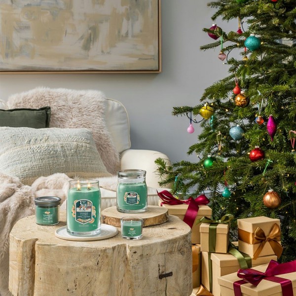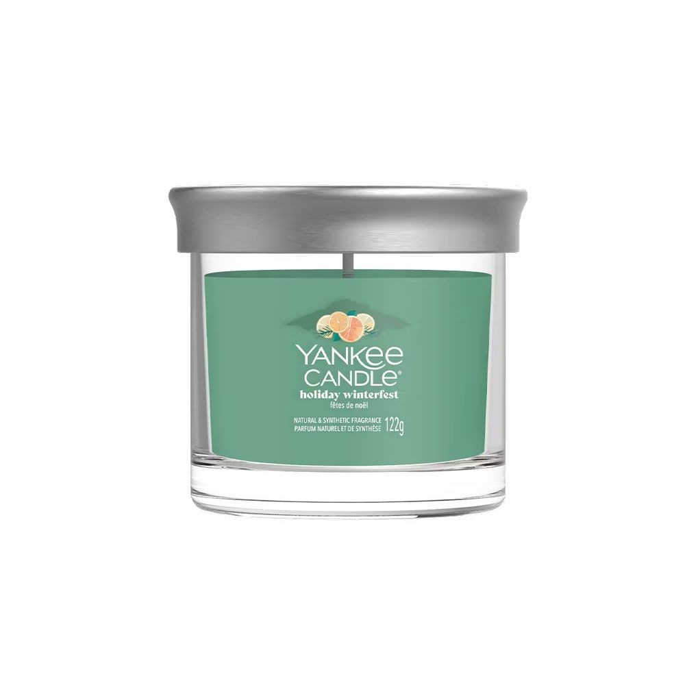 Candela Tumbler piccola Yankee Candle Holiday Winterfest una fragranza ispirata agli agrumi frizzanti, alle erbe fresche e al pino riempiono l'aria di atmosfera da festa.Una nuova interpretazione della nostra forma a bicchiere presenta un coperchio in latta spazzolata che si adatta perfettamente sotto la base per fungere da sottobicchiere. Il bicchiere piccolo a stoppino singolo è realizzato con la stessa miscela di cera di soia di alta qualità delle nostre candele.
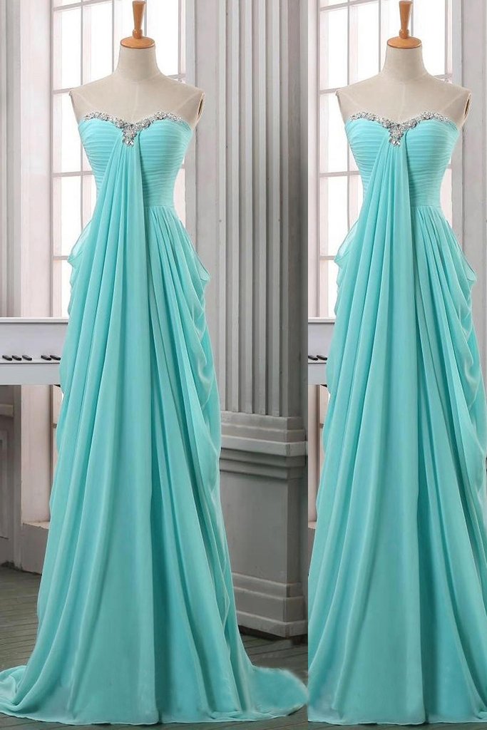 Sweetheart Long Chiffon Beading Elegant Cheap Prom Dresses PFP1265
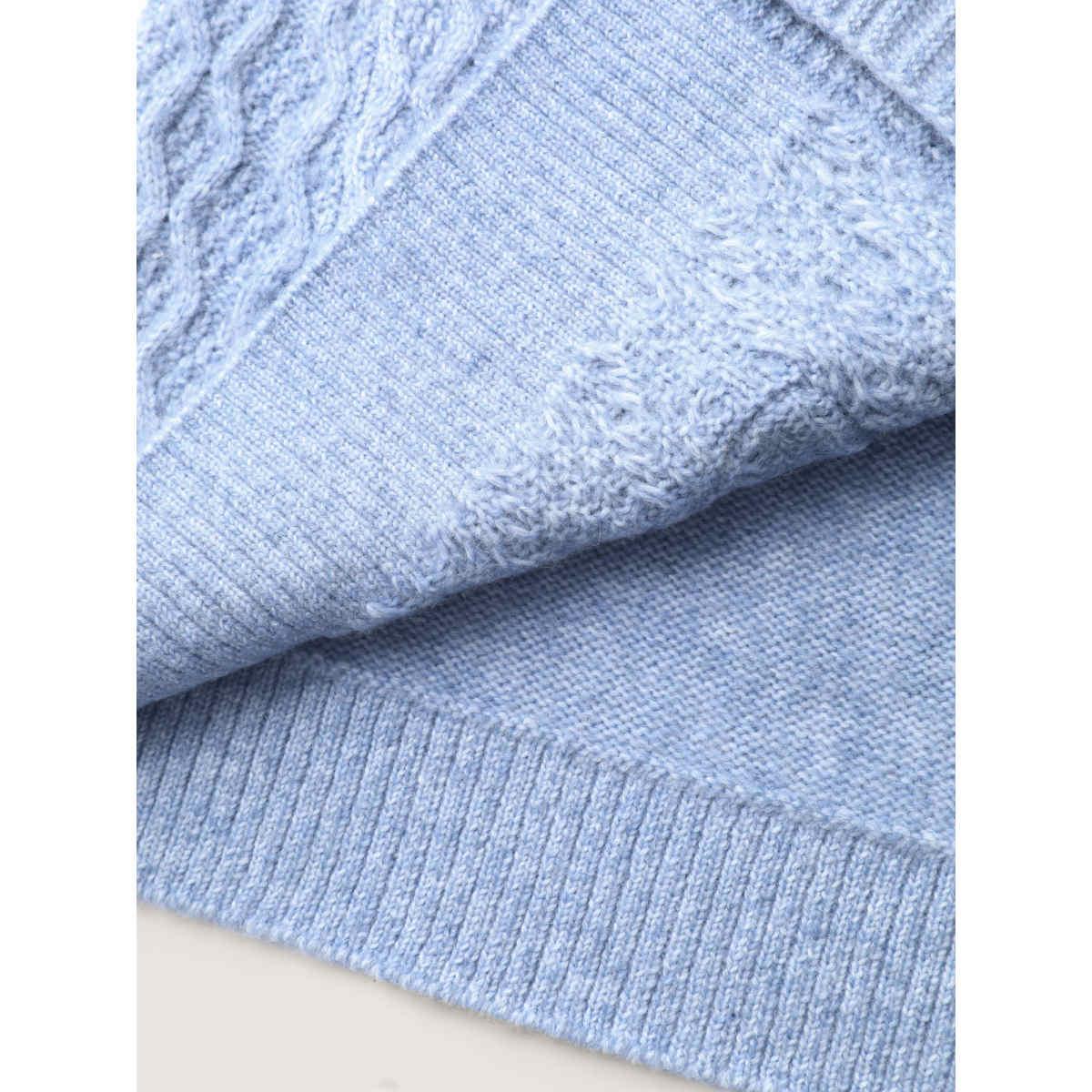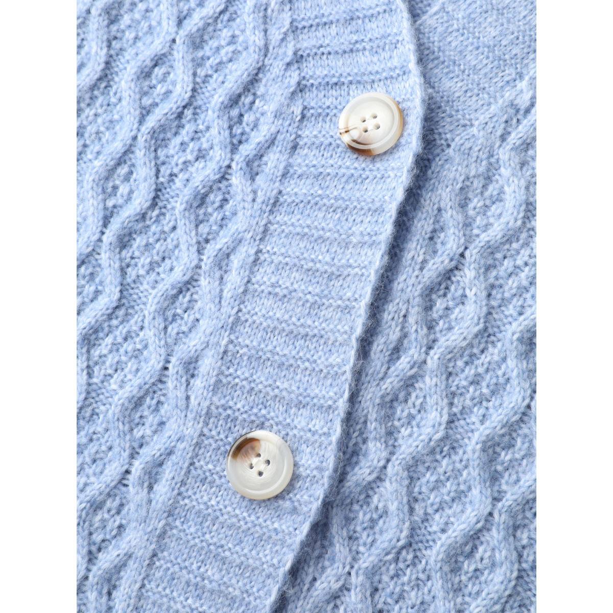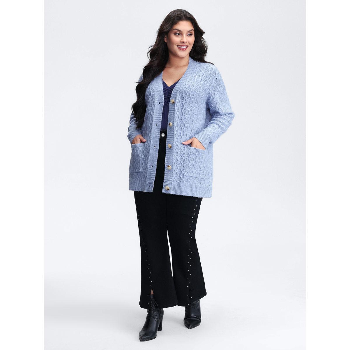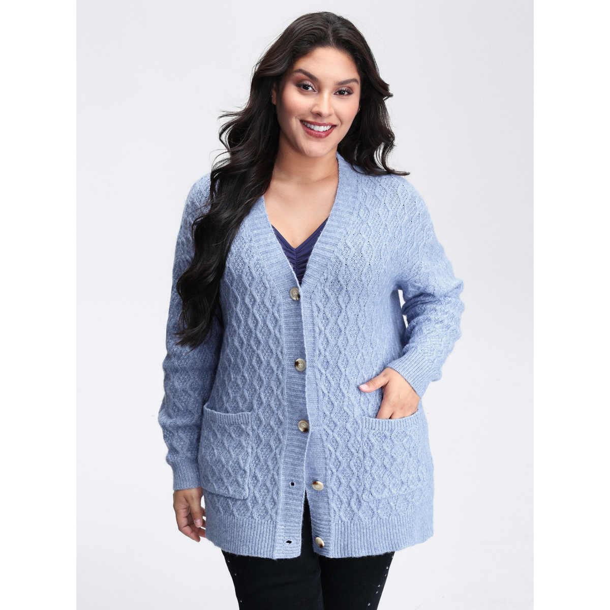 Plus Size Texture Cable Knit Patched Pocket Cardigan Indigo Women Casual Long Sleeve Everyday Cardigans BloomChic 14-16/1X
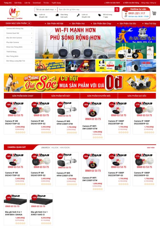 Giao diện thiết kế web bán camera, thiết bị giám sát chuyên nghiệp
=======
--- What this task involves ---
Write out an exact reproduction of the lines from the line that holds "Plus Size Texture" to the bottom of the listing above, both ends included. Exclude pictures.

--- Solved problem ---
 Plus Size Texture Cable Knit Patched Pocket Cardigan Indigo Women Casual Long Sleeve Everyday Cardigans BloomChic 14-16/1X
 Giao diện thiết kế web bán camera, thiết bị giám sát chuyên nghiệp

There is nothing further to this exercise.